Die Analogie aus Nassim Talebs empfehlenswerten Buch „Der schwarze Schwan“ beschreibt das Phänomen wie folgt: Menschen, die an Gott glauben, zeigt man Bildtafeln mit Abbildungen betender Menschen, die ein Schiffsunglück überlebt hatten. Die Schlussfolgerung der Gläubigen: Beten schützt Menschen vor dem sicheren Tod. Fragt man hingegen einen Ungläubigen, wird er die Frage stellen, wo denn die Bildtafeln sind, mit Abbildungen von Menschen, die beim Schiffsunglück gestorben sind.
Im oben genannten Beispiel können die Toten nicht sprechen und daher keine Tafeln erstellen. Im Fall der populistischen Ratgeberliteratur bekommen die vielen weniger erfolgreichen Menschen, die „Verlierer“ keine Stimme (im Forschungszusammenhang und bei Veröffentlichungen von Studien spricht man dann vom „File Drawer Effect“.
Es sprechen nur die Überlebenden bzw. die Erfolgreichen, die erfolglosen Verlierer werden einfach aus der Gleichung gestrichen. Dies führt zu einer drastischen statistischen Verzerrung der Grundgesamtheit. Daher der Name „Survivorship“-Bias.
Beim wohl prominentesten Beispiel für den Survivorship-Bias geht es um die Optimierung von US-Kampfflugzeugen im Zweiten Weltkrieg: Die Ingenieure betrachteten die Einschusslöcher von zurückgekommenen Maschinen und verstärkten diese Bereiche, mit dem Ziel, die Abschussquote zu verringern. Das klappte zuerst nicht. Warum? Weil die Ingenieure lediglich die Flugzeuge berücksichtigten, die trotz massiver Schäden, erfolgreich zurückgekommen waren, statt die kritischen Schwachstellen bei den Flugzeugen zu suchen, die abgeschossen und zerstört wurden.

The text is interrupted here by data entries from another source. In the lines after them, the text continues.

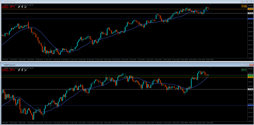 ●エントリ足 4時間軸足⇔1時間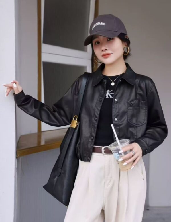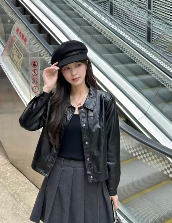 Duck down fox fur overcoat lantern sleeve leather coat for women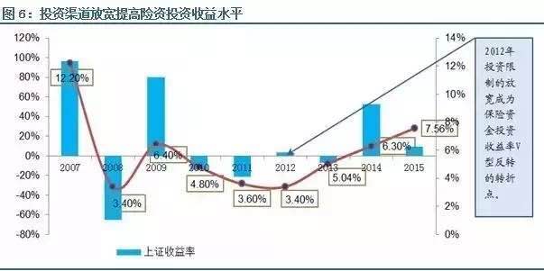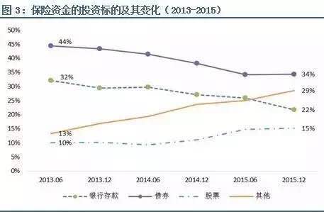 2015年保险资产运用投资收益7803亿元,投资收益率7.56%,创近七年新高 。 自2012年以来,保监会出台包括债券、股权和不动产等在内的一系列新政,大大放宽了保险资金的投资范围及比例限制,允许保险公司根据自身配置需要投向各大类资产,既局部放宽了保险投资境内外的传统标准化资产的比例限制,也新增了相对收益率更高的非标资产——在新政的“其他类金融资产”分类中,境内资产管理业的理财产品几乎悉数纳入,保险可投资资产类别丰富化不仅提高资产组合抗风险能力,同时也提高保险投资使用效率。在利好新政的刺激下,保险资金一方面降低对债券、银行存款等传统固定收益类资产的配比,另一方面加大对债权计划、信托计划等较高收益的新型固定收益类资产的配置力度,同时保险公司还在增加对非上市公司股权、境外资产的配置。从虚拟经济到实体经济、从传统市场到另类市场、从国内市场到国外市场、从私募领域到公募领域,保险资金的投资领域已经非常广泛,资产配置结构也发生了变化。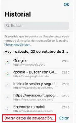- Dans le cas où nous voulons éliminer uniquement la recherche d’un site spécifique, il suffit que dans la section «Historique», nous effectuions un panoramique jusqu’à trouver celui que nous voulons éliminer, le sélectionnons et le glissons vers la droite.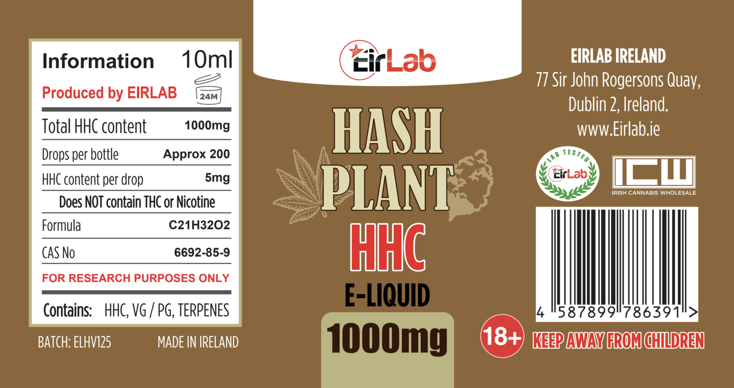 CLICK HERE to view the full analysis of terpenes contains in the EIRLAB Hash Plant HHC E-Liquid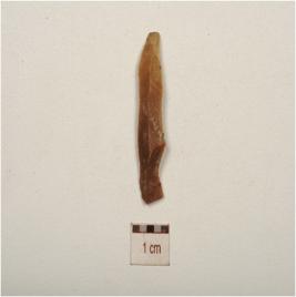 | Description / विवरण | A blade of chert bulb on the ventral and flake scars on the dorsal and retouched cutting edges. |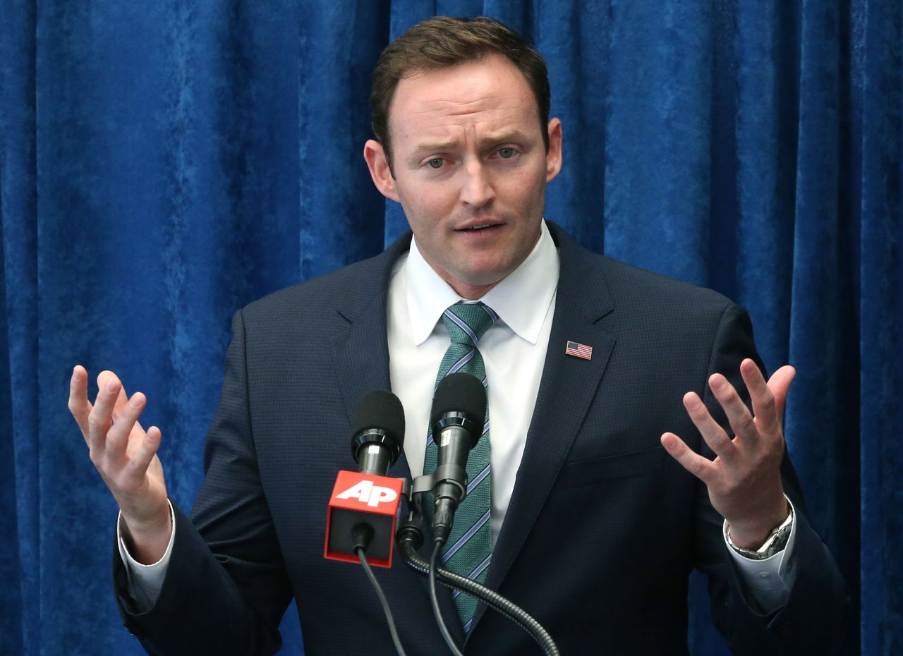 肖克先生曾被視為共和黨新星。圖片來源:塞斯·珀爾曼/美聯社2009年,27歲的肖克宣誓就任伊利諾伊州共和黨眾議員。他一度被視為政治新星,後捲入腐敗醜聞。

Statt die Ursachen von Misserfolgen näher zu betrachten, neigen Manager bei der Umsetzung von Strategien dazu, nur bekannte Erfolgsfaktoren zu berücksichtigen.
Bei der Personalauswahl spielt häufig der „Track-Record“ eine wichtige Entscheidungsrolle. Dieser bildet jedoch lediglich vergangene Erfolge ab, Misserfolge werden verschwiegen. Das könnte – ganz im Sinne des Bewerbers – zu einer positiven Verzerrung führen, da das Verhältnis von Erfolgen zu Misserfolgen nicht erkennbar ist. Des weiteren lassen sich aus vergangenen Erfolgen aufgrund neuer, multipler, komplexer Einflüsse nur sehr eingeschränkt zukünftig Erfolge prognostizieren.
Ein weiteres Beispiel aus dem Bereich Customer Experience ist die Fehleinschätzung von Kundenzufriedenheitsumfragen. Werden nur bestehende Kunden befragt, besteht ebenfalls die Gefahr einer positiven Verzerrung, da bestehende Kunden ja tendenziell zufrieden sind mit den Leistungen des Unternehmens. Es ist also deutlich relevanter, „potenzielle“ und vor allem verärgerte Kunden zu befragen, die abgewandert sind und Leistungen nicht oder nicht mehr in Anspruch nehmen.
- Entwickeln Sie ein Problembewusstsein für den Survivorship Bias. Kennen Sie die Anfälligkeit für diese Denkverzerrung, fällt es Ihnen leichter diese zu erkennen und entsprechende Gegenmaßnahmen zu entwickeln.
- Betrachten Sie immer die Grundgesamtheit und beziehen Sie die Gescheiterten beziehungsweise die Misserfolge in Ihre Überlegungen ein.
- Setzen Sie Erfolge und Misserfolge immer in ein Verhältnis zur Grundgesamtheit. Dann können Sie Erfolgschancen realistischer einschätzen.
- Fragen Sie sich: Ist der Anteil positiver Ergebnisse innerhalb meiner Stichprobe überdurchschnittlich hoch? Ist die Stichprobe ausreichend groß (Gesetz der kleinen Zahlen)?